### Data segment

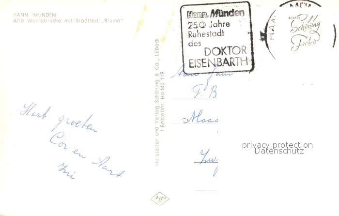 73141858 alte Postkarte Hann. Muenden Alte Werrabruecke mit Stadtteil Blume postalisch gelaufen Erhaltung siehe scans [FriedD77] KatCode: 11110003152016
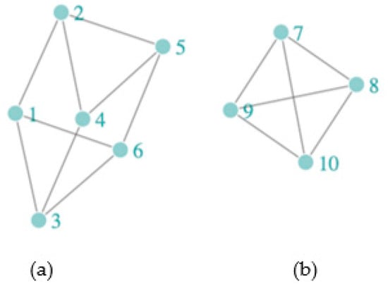 A sample network with two components, (a) Component 1 = {1, 2, 3, 4, 5, 6} and (b) Component 2 = {7, 8, 9, 10}, with participants (nodes) denoted by light-green circles and connections (edges) denoted by gray lines. The nearest neighbors of participant (node) 2 are {1, 4, 5}, of participant (node) 3 are {1, 4, 6}, and of participant (node) 6 are {1, 3, 5}.
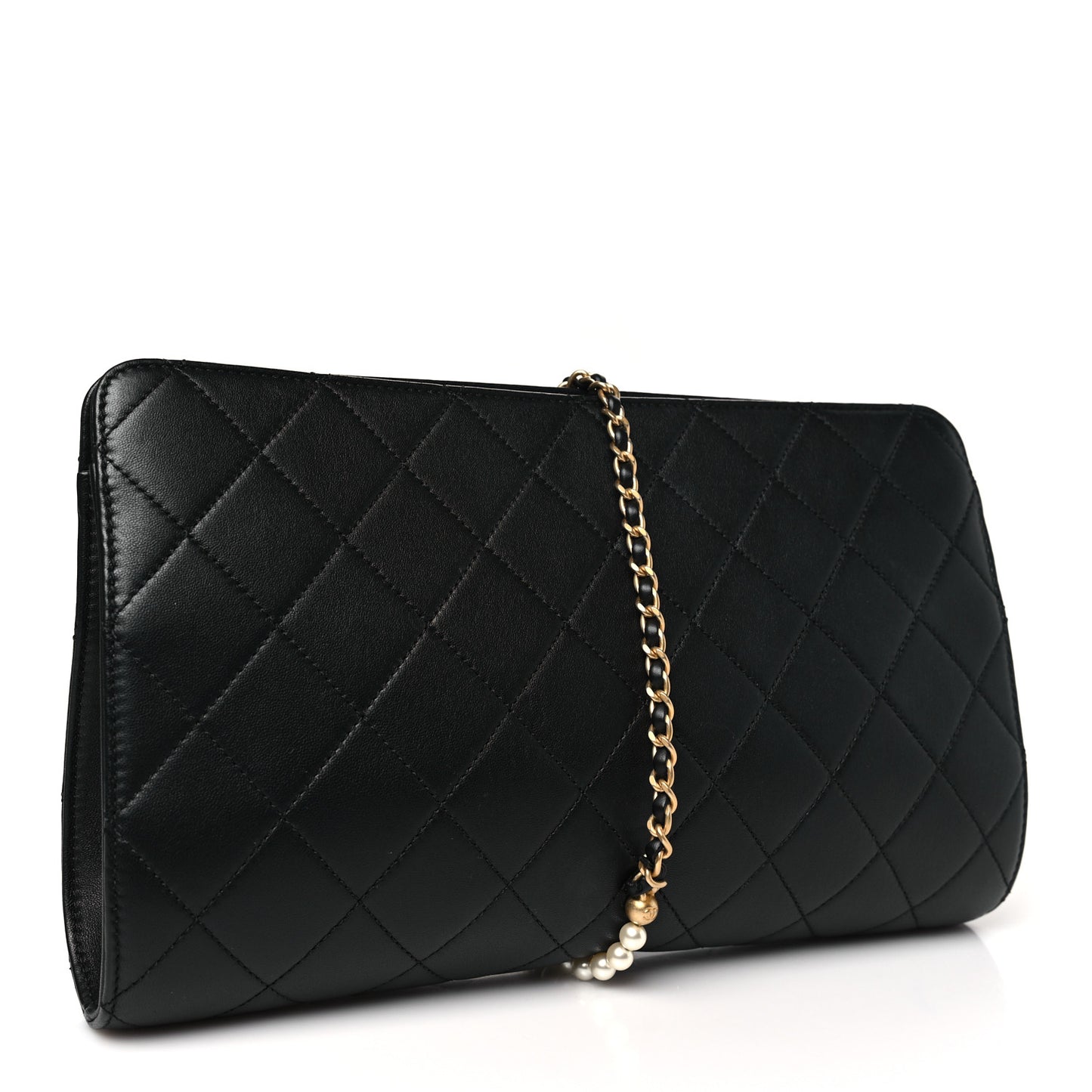 This is an authentic CHANEL Lambskin Quilted Pearl Clutch in Black. This stylish clutch is crafted of diamond quilted lambskin leather in black. It features a matte gold and faux turn lock. This opens to a red interior with a zipper and patch pocket.Follow this item for alerts. Chanel is a registered trademark of Chanel. FASHIONPHILE is not affiliated with Chanel.
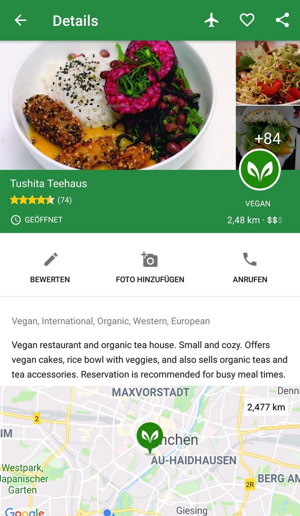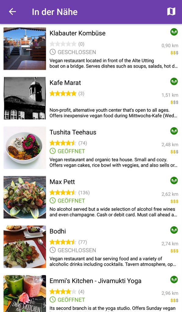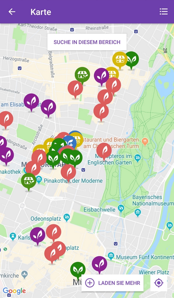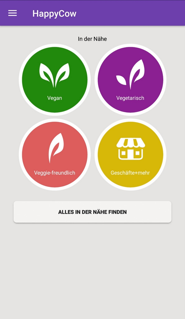 „Happy Cow“ ist eine gemeinschaftsbetriebene App, die Dir hilft, Dich in (neuen) Städten bei der Suche nach vegetarisch- und vegan-freundlichen Restaurants und Einkaufsmöglichkeiten zu orientieren. Gibts für Android und Apple.

### Work order
Copy only what lies between the start of the listing above and the line containing "A sample network", inclusive of both ends, exactly as written, and drop the pictures.

### Solution for this problem
 73141858 alte Postkarte Hann. Muenden Alte Werrabruecke mit Stadtteil Blume postalisch gelaufen Erhaltung siehe scans [FriedD77] KatCode: 11110003152016
 A sample network with two components, (a) Component 1 = {1, 2, 3, 4, 5, 6} and (b) Component 2 = {7, 8, 9, 10}, with participants (nodes) denoted by light-green circles and connections (edges) denoted by gray lines. The nearest neighbors of participant (node) 2 are {1, 4, 5}, of participant (node) 3 are {1, 4, 6}, and of participant (node) 6 are {1, 3, 5}.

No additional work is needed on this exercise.